Jonathan Trott was in the frame for my weekly prize after his Adelaide hundred. However, his first-ball duck today at Brisbane cancelled that out emphatically! Shahid Afridi had one of his biggest 'boom-boom' moments - 65 in 25 balls - and Mohammad Hafeez scored his first ODI century at a more leisurely rate in Pakistan's victory over New Zealand at Christchurch.
CHRIS WOAKES was undoubtedly one of the young stars of the 2010 domestic season in England, and he deserved to make his international debut earlier this month first in the T20s (when he took Cameron White;s wicket and hit the winning runs) then in the 50-over game at Sydney where he bowled tidily enough. but England's total had been inadequate, not for the last time in the series!
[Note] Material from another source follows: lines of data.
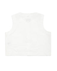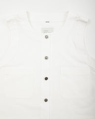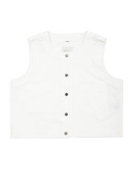 The Naa Shirt is a cropped, sleeveless button up with a slightly boxy fit and rounded collar. Cut with a simple five button placket, the front also features two utility pockets, while the back is constructed with a clean, one-piece design. Not much to add beyond that, it's a simple yet exceptional warm weather piece, with a surprising amount of layering potential and stylistic versatility.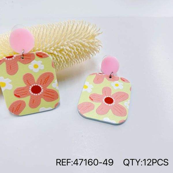 Orecchini pendenti dipinti con disegno floreale giallo rosa, 12 pezzi, gioielli alla moda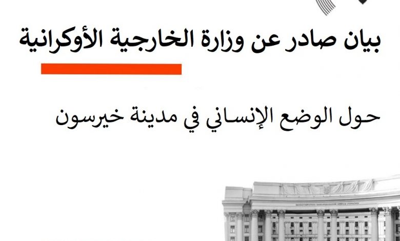 بيان صادر عن وزارة الخارجية الأوكرانية حول الوضع الإنساني في مدينة خيرسون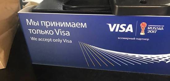 除此以外球场内还有官方商店出售联合会杯相关周边,T恤帽子围巾球衣应有尽有。但是需要注意的是,因为VISA是世界足联唯一的金融赞助商,所以球场内购买食物饮料和纪念品都只能使用VISA信用卡或者现金付款,其他信用卡无法使用,从体育商业赞助的角度来说这是一个非常成功的案例了。
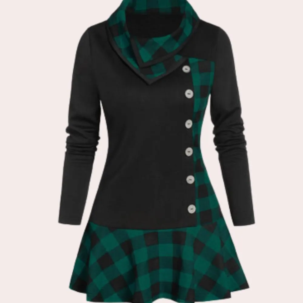 De Niki Tijdloze Midi-jurk met ruitmotief voor dames jurk heeft een moderne ruitprint en een unieke asymmetrische zoom, wat een trendy draai aan een klassiek patroon geeft. Perfect voor zowel casual uitjes als speciale evenementen, garandeert hij moeiteloze elegantie en helpt hij je opvallen.
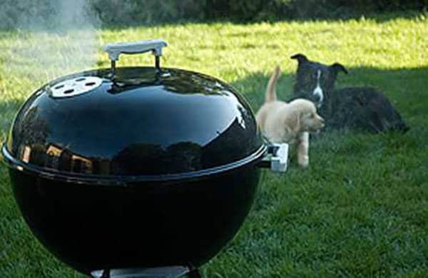 Weber and other grill manufacturers recommend a method of banking the coals on two sides with a pan of water in the center, underneath the food (shown at left). This concept is called 2-zone cooking and it is an essential concept in good outdoor cooking. But there is a better way that gives you more indirect cooking area and won't get the meat too hot on the edges.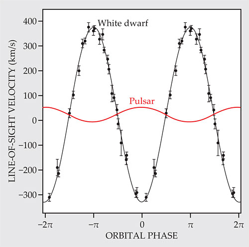 Figure 1 shows the 2.46-hour oscillation of the line-of-sight velocity components of the white dwarf and the pulsar as measured, respectively, by spectral Doppler shifts and pulsar timing. The ratio of their oscillatory amplitudes measures the ratio q ≡ Mp/Mwd of their masses to be 11.7 ± 0.1.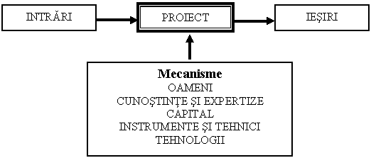 O alta viziune asupra proiectului conduce la urmatoarea definitie: proiectul poate fi vazut drept conversia unei necesitati in satisfacerea acelei necesitati in cadrul unor anumite constrangeri, utilizand anumite mecanisme, evidentiate in figura de mai jos.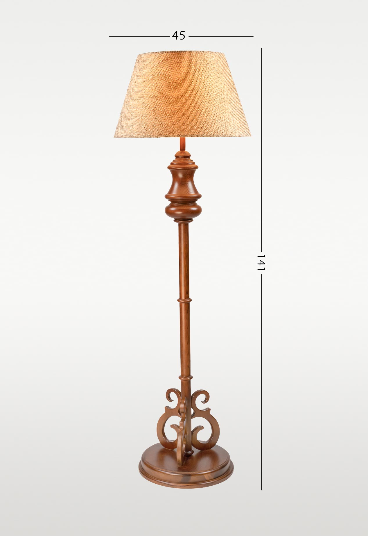 The wooden floor lamp model 614 is a tribute to timeless craftsmanship and vintage elegance. Its sculpted wooden stem features ornate turned detailing that gracefully transitions into a rounded base adorned with traditional scroll-shaped supports.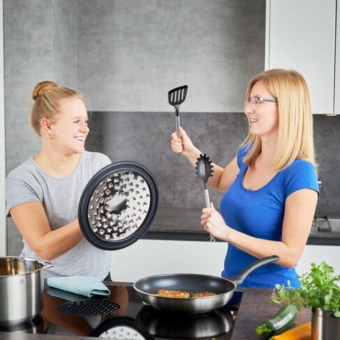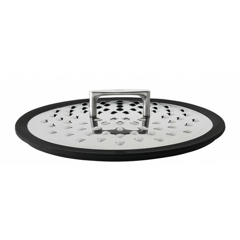 En acier inoxydable 18/10, avec des petites sorties d'air et bord en silicone (résistant à une température de 260°C) Convient à toutes les poêles à frire, braisières et poêles de service, aux faitouts et aux saladiers d'un diamètre de 24 et 28 cm.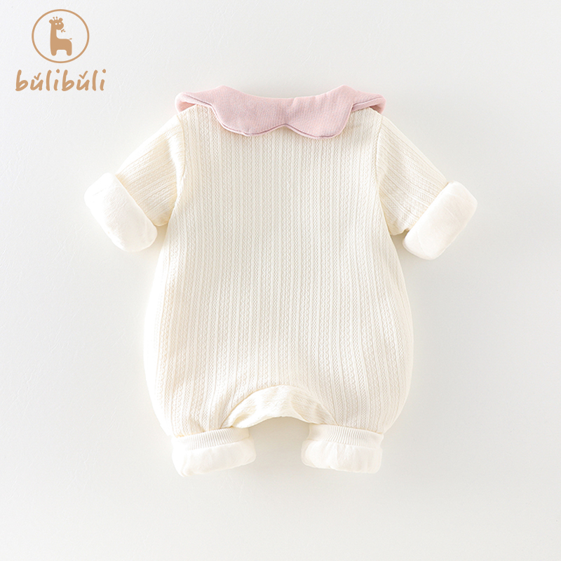 婴儿衣服秋冬装 女宝宝加绒保暖连体衣秋冬外出满月百天哈衣爬爬服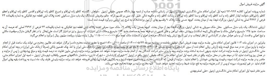 شماره پرونده اجرایی: کلاسه 970997 شعبه اول اجرای احکام مدنی دادگستری شهرستان اردبیل در راستای دادنامه صادره از شعبه چهار دادگاه عمومی حقوقی اردبیل ،خواهان : گلدسته کاظم زاده تپراقلو و ثمررخ کاظم زاده تپراقلو و اقدس کاظم زاده تپراقلو و اعظم کاظم زادتپراقلو ،خوانده: ایلدار کاظم زاده و اسد کاظم زاده تپراقلو و سما کاظم زاده تپراقلو و رسالت کاظم زاده و حکیمه ندائی خلیل آباد، مبنی بر تقسیم ترکه حکم برفروش ششدانگ یک باب منزل مسکونی تحت پلاک ثبتی قطعه دوم تفکیکی به شماره باقیمانده 24 فرعی از 4792 اصلی به نشانی اردبیل، بزرگراه شهدا، بعد از میدان بعثت، کوچه حسنی یک، پلاک 9 وتقسیم بهای آن بین وراث:املاک به شرح زیر ارزیابی و برآورد قیمت شده است؛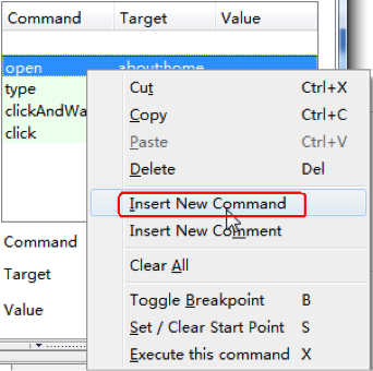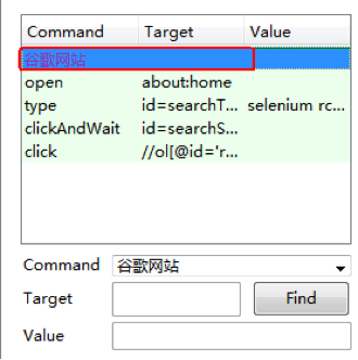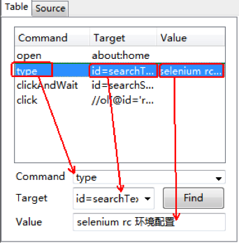 在Table标签下选中某一行命令,命令由command、Target、value三部分组成。可以对这三部分内容那进行编辑。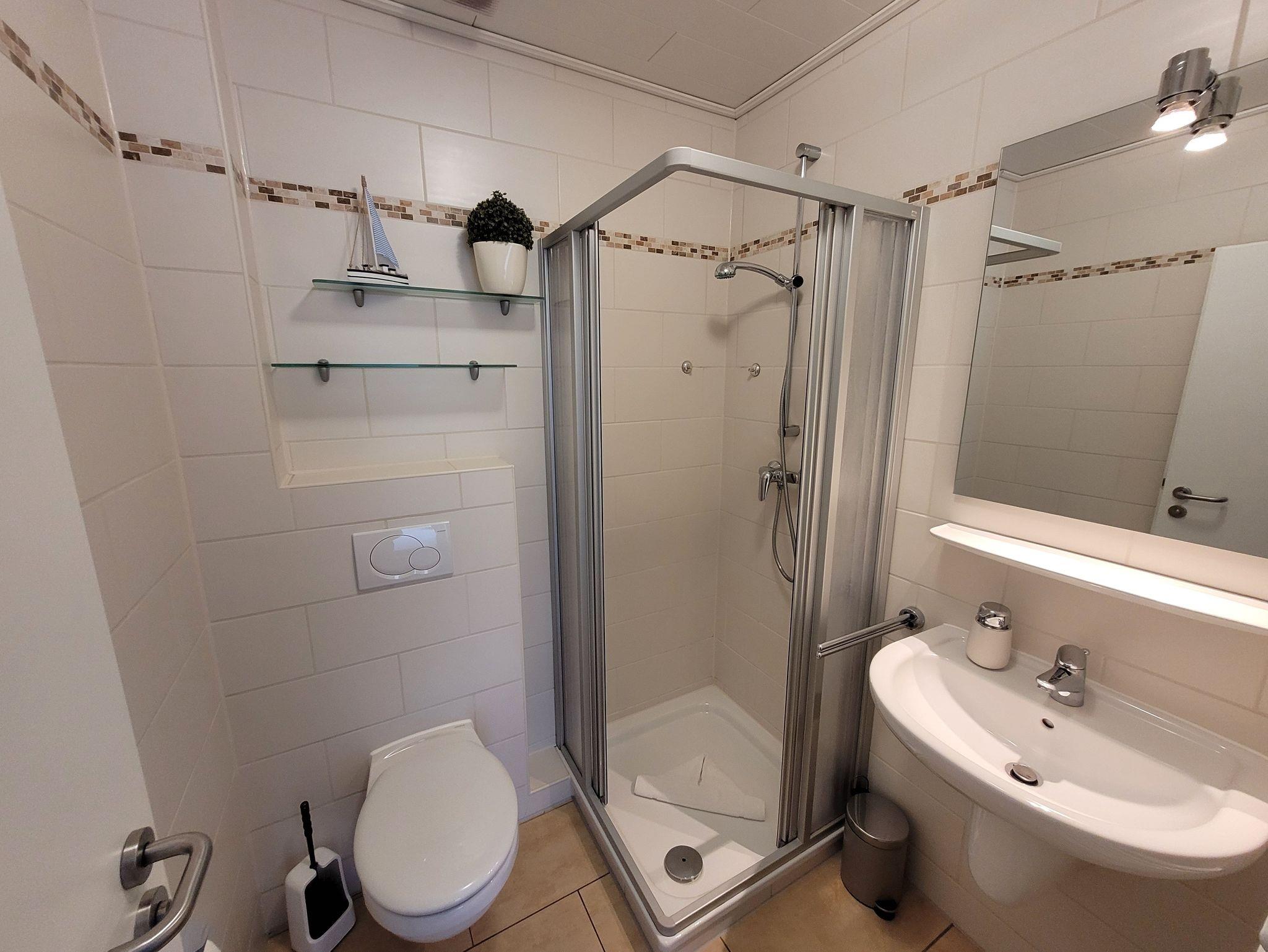 Dusche, WC, Handtücher, Haartrockner und Toilettenpapier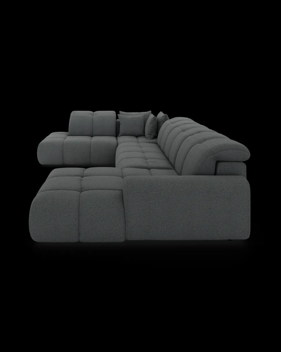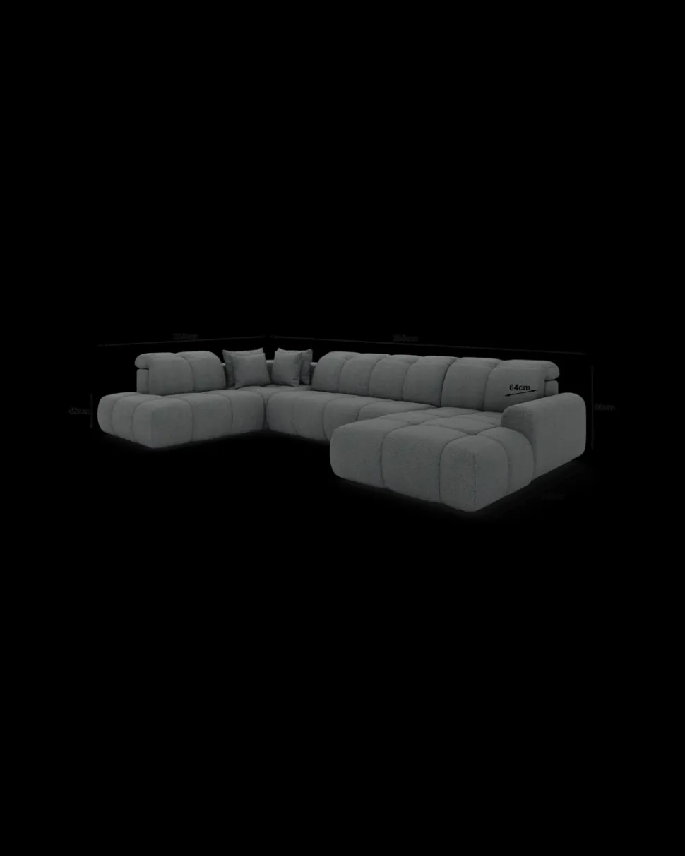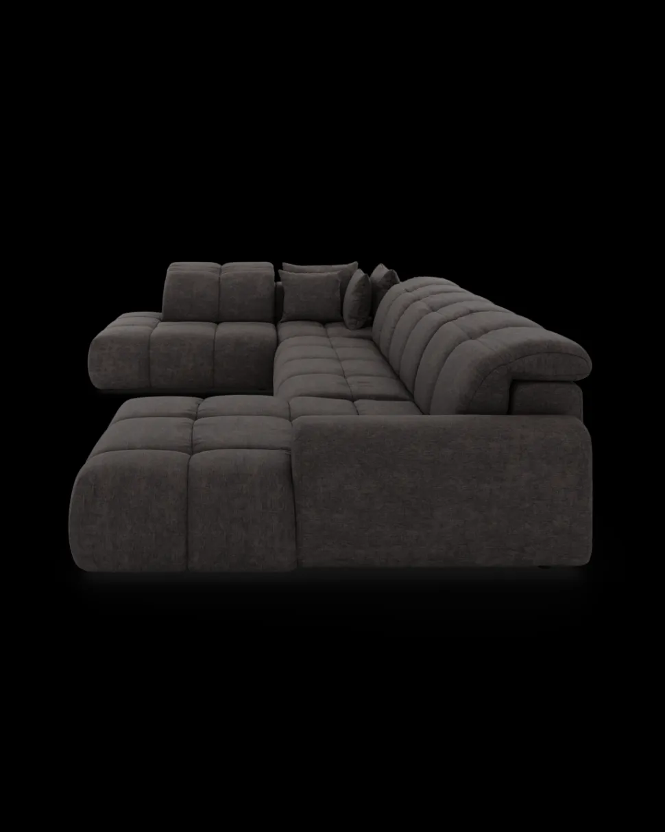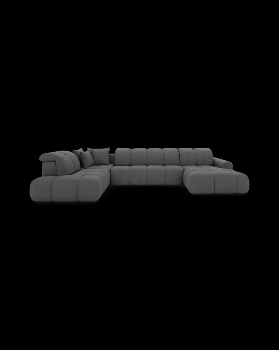 BULLET U-hjørnesofaen er den ultimative flydersofa til dig, der vil have masser af plads og et stærkt udtryk i stuen. Kombinationen af rundt hjørne, chaiselong og open end giver en opstilling, der både føles stor og åben – perfekt til familieliv og hyggelige aftener.

Today in Queensland, he claimed the second best analysis by an English bowler in ODIs: 6-45 in 10 overs. And it wasn't just a lucky run-through a slogging lower order either. First he captured the big scalp of Shane Watson, followed by White, Hussey and Clarke, with Hastings and Lee completing the set within three balls. I think he's unklucky not to have been selected for the World Cup but I guess England have stuck with the tried-and-tested formula of bits-and-pieces all-rounders like Yardy, Wright and Collingwood. Well, it worked for the T20 World Cup, right?
Another man missing from his country's World Cup squad is Woakes's fellow 21 year-old, ABHINAV MUKUND. A former Under-19 squad player from Chennai, he has been sensational in domestic cricket in the past few years. In only 39 first-class games he has scored 13 centuries - a fabulous ratio - and accumulated more than 3,000 runs at an average of over 58. That's Tendulkar-esque! This week, he struck two centuries for South Zone in their Duleep Trophy semi-final victory. And what a victory it was. His side defeated Central Zone by a massive 552 runs, the largest ever margin in Indian first-class cricket history!
His last List A game was for India A against the England Lions last summer, scoring a brisk 62, including a number off a certain Mr Woakes. His one-day average is also 58 and he can bowl some handy leg-breaks, too. If it wasn't for India's embarrassment of batting riches, he would surely be in the team, if not for the World Cup then for Tests. If either Gambhir or Sehwag should become injured, Mukund must come into the reckoning. He's an aggressive left-hander who can score quickly or anchor an innings and he should also get a place in the IPL, although he hasn't yet appeared in any of the provisional squads. Definitely one for the future, and in the present he is one of my Players of the Week.